Final answer:
To find the angle between the line joining (0, -5) and (-5, 0) and the positive x-axis, we calculate the slope and use the inverse tangent function, taking into account the line lies in the fourth quadrant, giving us an angle of approximately 315 degrees.
Step-by-step explanation:
To find the angle that the lines joining the points (0, -5) and (-5, 0) make with the positive direction of the x-axis, we can use the concept of inverse tangent (arctan or tan-1). First, we identify the slope of the line connecting the two points. The slope is calculated as the change in y-coordinates divided by the change in x-coordinates, giving us m = (0 - (-5))/(-5 - 0) = 1.

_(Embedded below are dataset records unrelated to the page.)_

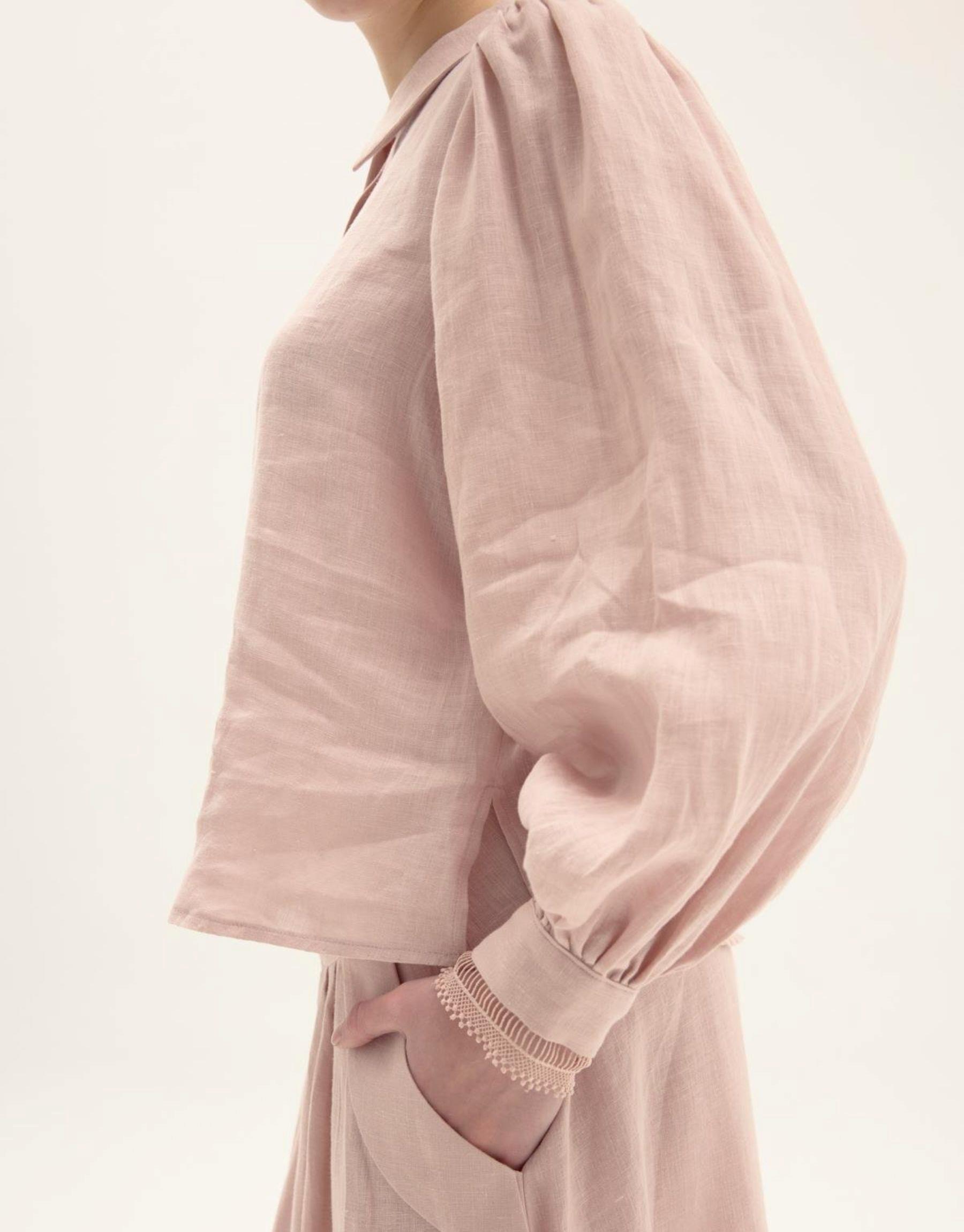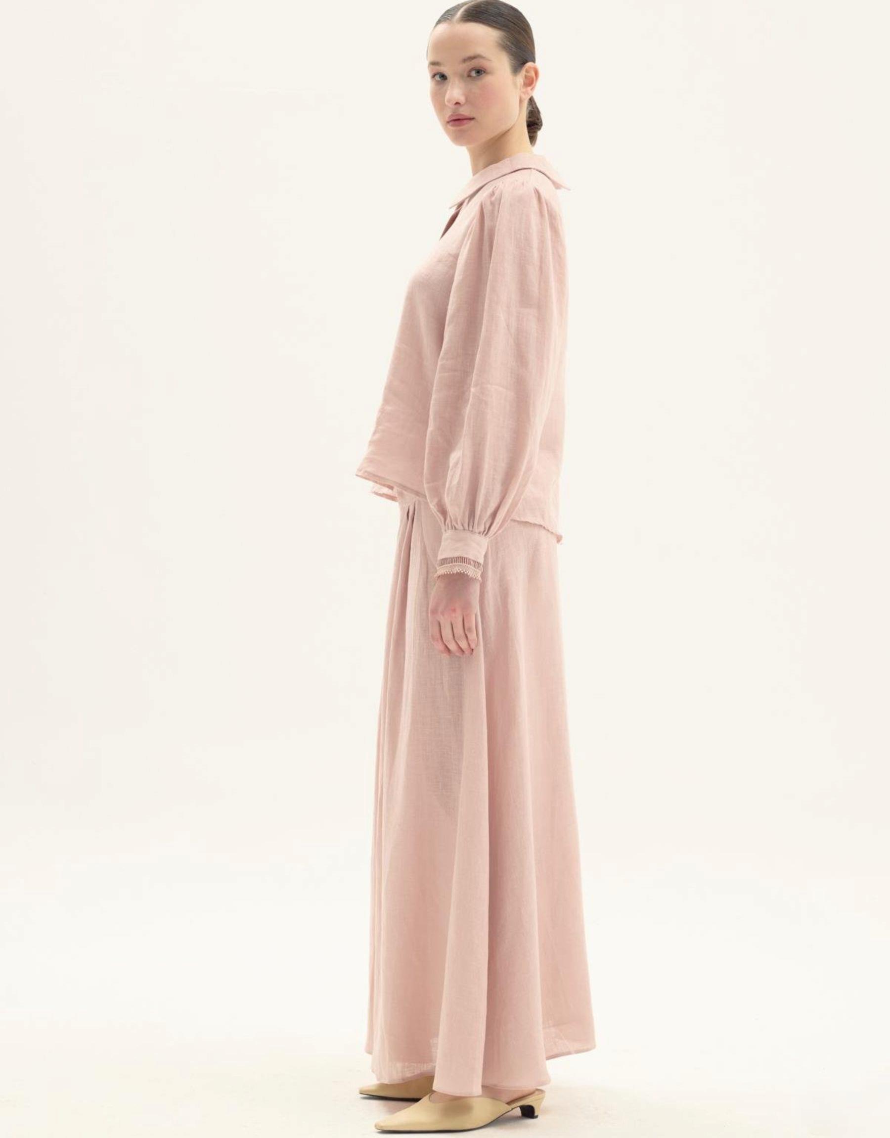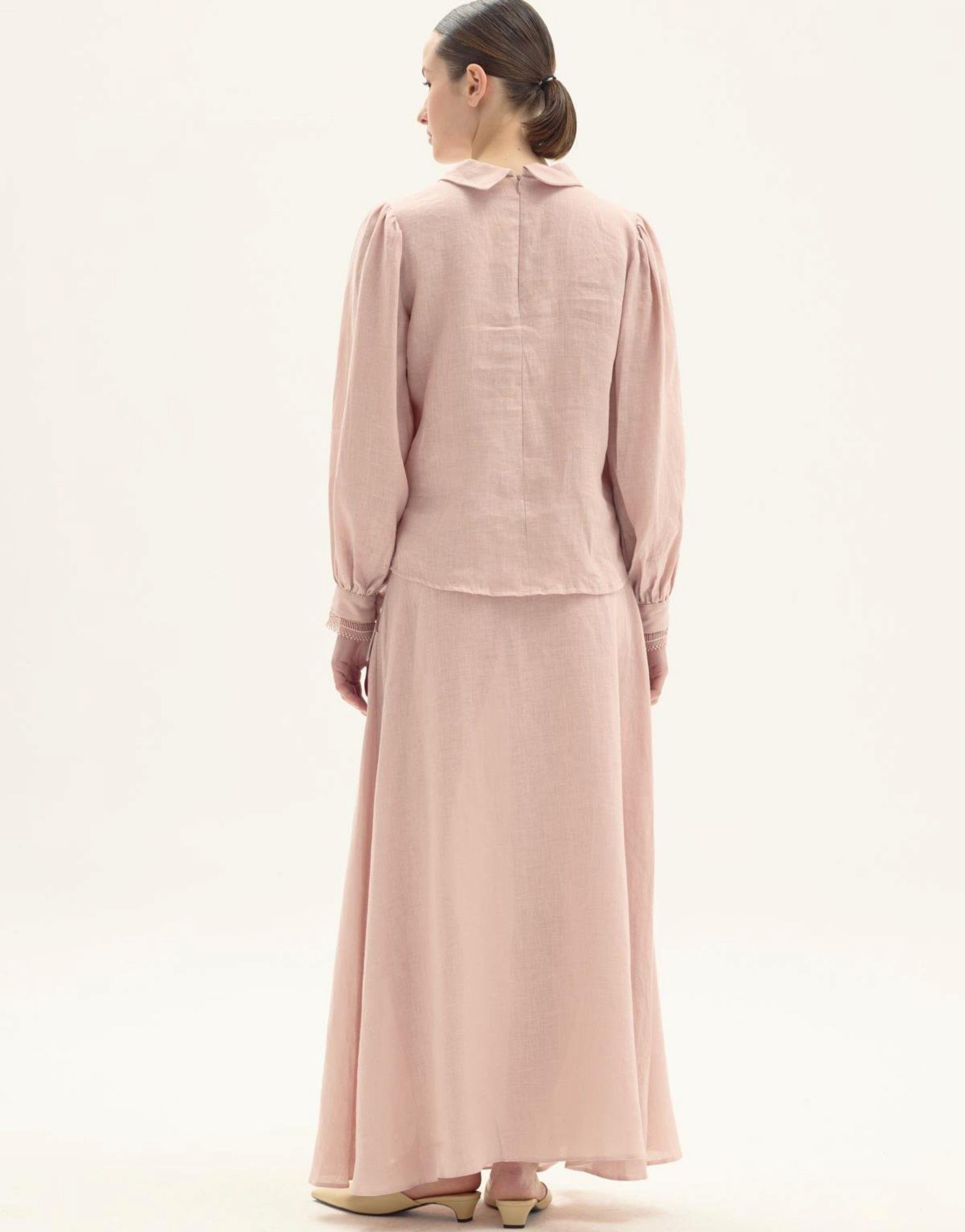 Pastel Desenli Viskon Rayon Pile Detaylı Pantolon Takım Pudra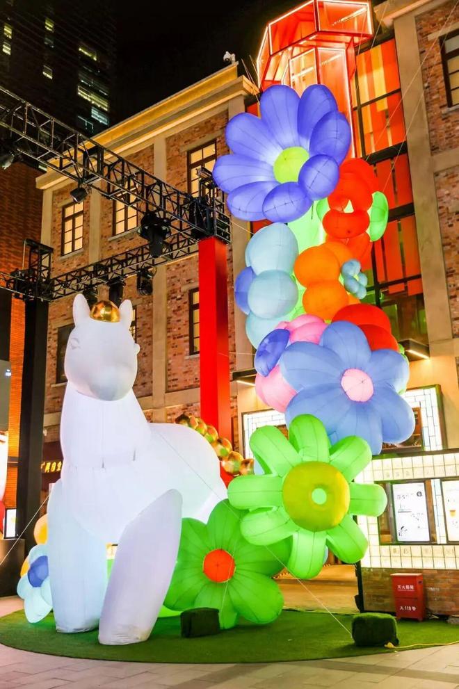 南广场的“亮马生花”装置以“繁花伴马贺新春”为灵感,采用绑扎气球艺术形式,以巨型充气花朵环绕白马造型,通过艳丽色彩与灵动形态,传递生机与希望。白马或休憩或踱步的造型憨态可掬,将春日花海的绚烂与马年寓意浓缩于一处。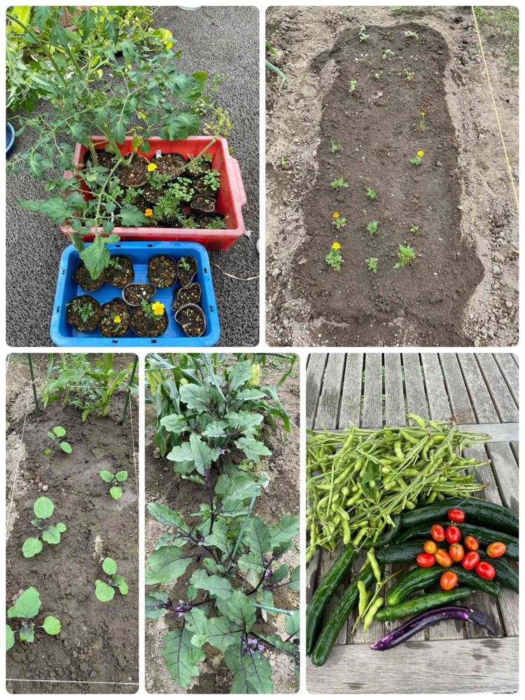 枝豆、トマト、キュウリ、ナスを収穫して来ました。

Since tan(θ) = m, we have θ = tan-1(1). However, considering the points lie in the second and fourth quadrants, the reference angle made with the x-axis lies in the fourth quadrant. So, θ = 360° - tan-1(1), which is approximately 360° - 45° = 315°.
To express this in decimal form, we use a calculator to find θ = tan-1(1) to obtain an angle of 315°, which can be rounded to two decimal places if needed. Since the angle provided in the question is in degrees, if our calculator gives the result in radians, we must convert it to degrees by multiplying by 180/π.
Note: If the calculator gives a negative result, it signifies the angle is measured clockwise from the positive x-axis. However, the positive counter-clockwise angle is 360° plus the negative angle.